I think you better check the code where you live. I've never heard of an outlet in a drawer passing code in FL.


----------



## Dominick (May 2, 2011)

Why in the drawer? Almost afraid to ask. Lol


----------



## Steve Neul (Sep 2, 2011)

I wouldn't make the outlet to pull out. One way you could do this is make the drawer a hinged false front with the outlet behind it. You could also remake the drawer box small enough you could put the outlet between the stile and the drawer box. Remember if the outlet is near water it will need to be a GFCI recepticle.


----------



## bob sacamano (Jan 24, 2012)

Steve Neul said:


> I wouldn't make the outlet to pull out. One way you could do this is make the drawer a hinged false front with the outlet behind it. You could also remake the drawer box small enough you could put the outlet between the stile and the drawer box. Remember if the outlet is near water it will need to be a GFCI recepticle.


steve -

i just did a pull-out with an outlet in it. it hides the electric shaver. nose hair trimmer. etc etc. from being on the top of the vanity. it was GFI. 
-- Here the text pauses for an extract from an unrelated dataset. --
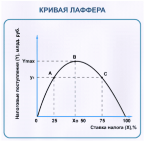 Американский экономист А. Лаффер исследовал взаимосвязь между величиной ставки налога и поступлениями в госбюджет средств от сбора налогов. Он установил следующую закономерность: повышение налоговой ставки обеспечивает большую величину налоговых поступлений лишь до определенного момента, а после него дальнейшее повышение ставки налога ведет к снижению стимулов производства, и таким образом общая сумма налоговых поступлений от предприятий сокращается.

great idea on the false drawer front. i like that


----------



## rrich (Jun 24, 2009)

The way to do it so that it will pass code is to put the outlet in the back of the cabinet. Then drill a hole or cut a notch in the back of the drawer. After the inspection, have the customer plug a small extension cord or outlet strip and put it in the drawer.


----------



## ed_h (Dec 1, 2010)

My wife asked for the same thing. She keeps her hair dryer and curling iron and such in the bottom drawer of the vanity, and it was a hassle to plug and unplug it every time. Since the vanity is built in, it was easy to add an outlet to the wall under the adjacent sink. I just attached a good quality power strip inside the drawer with double-sided tape, ran the cord through a hole in the back of the drawer, and plugged it into the outlet. I made sure the cord was routed so as to not rub or catch on anything when the drawer is opened.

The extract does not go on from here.